Update shared on 05 Dec 2025
Fair value Decreased 5.32%The analyst price target for NuScale Power has been reduced by approximately $2.15 to about $38.35 as analysts factor in delayed firm order timing, potential additional capital needs tied to ENTRA1 payments, and heightened uncertainty around key utility contracts.
Analyst Commentary
Recent Street research on NuScale Power highlights a mixed outlook, with analysts divided on the balance between long term growth potential and near term execution and financing risks.
Bullish Takeaways
- Bullish analysts still see nuclear energy as poised for a resurgence, viewing NuScale as well positioned to benefit from structurally higher demand for always on, zero carbon baseload power.
- Some valuation frameworks continue to assume meaningful long term deployment of NuScale technology, with targets that embed upside if the company can demonstrate scalability of its partnership model and convert its pipeline into firm orders.
- Longer term, monetization by strategic shareholders is seen as a potential catalyst to improve trading liquidity and simplify the ownership structure, which could support a more conventional valuation profile.
- Even as targets are reduced, bullish analysts generally frame the cuts as timing related, reflecting delayed revenue ramp and working capital shifts rather than a fundamental loss of confidence in the technology.
Bearish Takeaways
- Bearish analysts emphasize execution risk, pointing to expectations that the first firm order may not arrive until 2026. This pushes out the revenue inflection point and weakens near term visibility.

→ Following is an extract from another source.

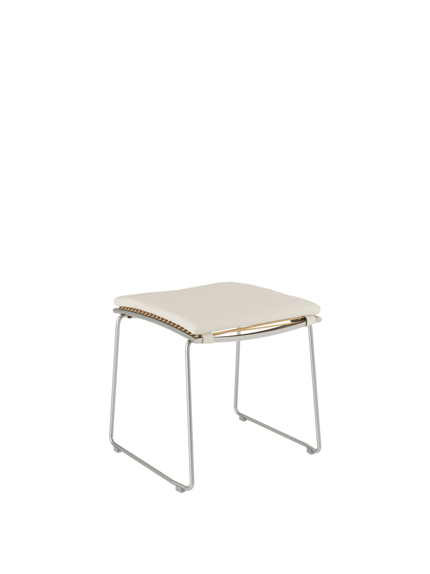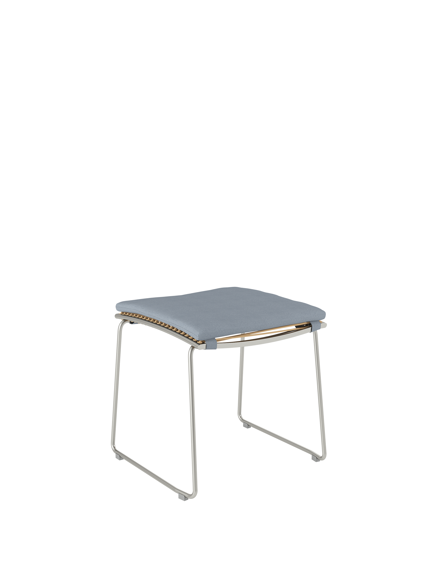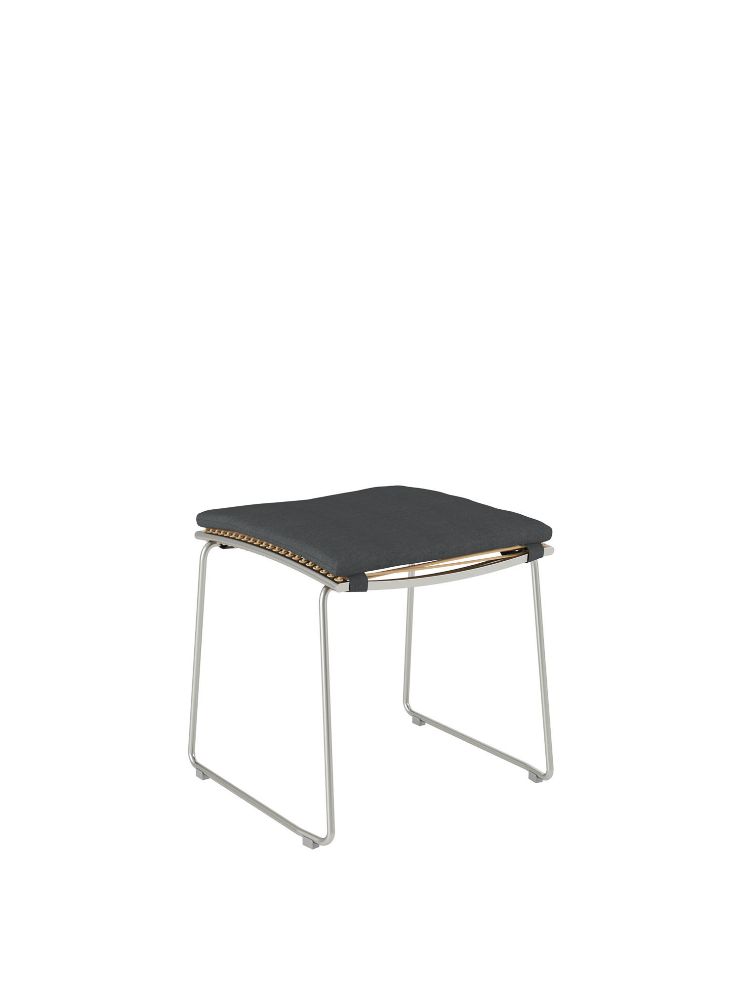 The matching footstool for the chairs and highbacks of the Pan series has a frame of stainless steel with a covering of permanently elastic fibre. The stool is easily set up and comfortably relaxes the legs.

- There is growing concern that NuScale may need to contribute roughly $500M to ENTRA1 under existing agreements. This could potentially require dilutive external capital if cash generation continues to lag deployment plans.
- Some see contract risk as elevated, citing skepticism that a sizeable contract with major utilities such as TVA will materialize in the near to medium term. This could undermine current growth assumptions embedded in the share price.
- Valuation is viewed as stretched by more cautious voices, who argue that the stock still discounts an ambitious build out scenario despite delays, monetization by large shareholders, and rising uncertainty around key project milestones.
What's in the News
- Japan's $550B U.S. investment pledge includes up to $80B for new large nuclear reactors, with U.S. plans to own as many as 10 units. This spotlights listed nuclear names including NuScale Power (Bloomberg)
- NuScale has called a special shareholders meeting for December 16, 2025, where investors will vote on key corporate actions (Company filing)
- At the December 16, 2025 special meeting, NuScale is seeking approval to more than double its authorized Class A common stock from 332 million to 662 million shares, potentially expanding its capacity to raise equity (Company filing)
- NuScale has filed for a $750 million follow on at the market equity offering of Class A common stock, providing a potential funding source for project and corporate needs (Company filing)
- NuScale's strategic partner ENTRA1 Energy is positioned to receive up to $25 billion under a new $550 billion U.S. Japan energy framework, supporting a planned fleet of SMR based power plants including a TVA agreement for up to 6 GW using NuScale technology (Company announcement)
Valuation Changes
- Fair Value: reduced modestly from $40.50 to approximately $38.35, reflecting slightly lower long term expectations.
- Discount Rate: risen slightly from about 9.03 percent to roughly 9.09 percent, signaling a marginally higher perceived risk profile.
- Revenue Growth: essentially unchanged, edging down fractionally from around 105.84 percent to about 105.82 percent, indicating stable long term growth assumptions.
- Net Profit Margin: increased slightly from roughly 11.33 percent to about 11.80 percent, implying a modest improvement in expected long term profitability.
- Future P/E: declined meaningfully from about 170.5x to roughly 155.3x, indicating lower valuation multiples applied to forward earnings.